Protests erupted today in the northern village of Hawara, near the city of Nablus, and the southern village of Beit Omar, near the city of Hebron. Palestinian hospital officials said three Palestinians were killed in Beit Omar and two in Hawara.
The mayor of Hawara, Mouin Idmeidi, said he and hundreds of others from the village participated in a protest after emerging from a local mosque after Friday prayers.
Hawara is located along a main north-south thoroughfare that is also used by Israeli motorists. The mayor said an Israeli motorist slowed down as he passed the march and fired at the group.
The mayor said four people were wounded and that one of them, a 19-year-old, died at Rafidiyeh Hospital in Nablus of his injuries.
After the shooting, clashes erupted between Palestinians and Israeli troops who opened fire, killing a 22-year-old from Hawara, the mayor said.
Rafidiyeh hospital confirmed the deaths.
An Israeli police spokesman, Mickey Rosenfeld, said paramilitary border police opened fire to disperse violent protests at Hawara, and that masked Palestinians threw firebombs. He said he was unaware of a shooting involving an Israeli civilian.
In Beit Omar, clashes erupted between Israeli forces and Palestinian stone-throwers. Hebron hospital officials said three Palestinians were killed.
The Israeli military said it was looking into the reports.
Yesterday, thousands of Palestinians clashed with Israeli forces at a West Bank checkpoint and in east Jerusalem, the largest protests in those areas in several years.

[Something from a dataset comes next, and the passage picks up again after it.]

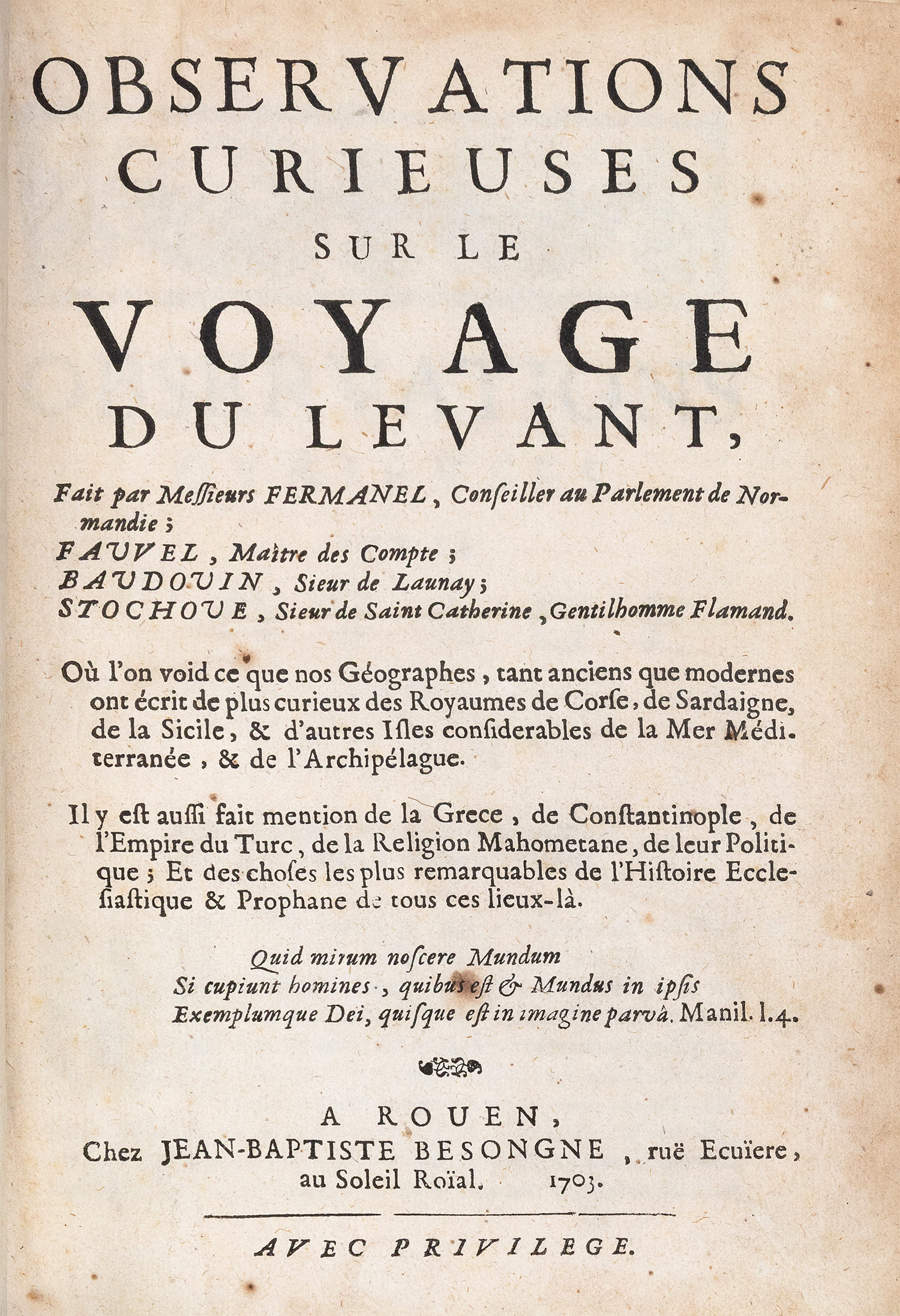 Observations curieuses sur le voyage du Levant, fait par Messieurs Fermanel, Fauvel, Baudouin, Stochove.

Later, Israel's defence minister said Israel may soon broaden its ground operation in the Gaza Strip significantly.
In a statement by Moshe Yaalon's office, he is quoted as telling troops in the field that "you need to be ready for the possibility that very soon we will instruct the military to significantly broaden the ground operation in Gaza".
"Hamas is paying a very heavy price and will pay an even heavier price," Mr Yaalon said. "At the end of the operation, Hamas will have to think very hard if it is worth it to taunt us in the future."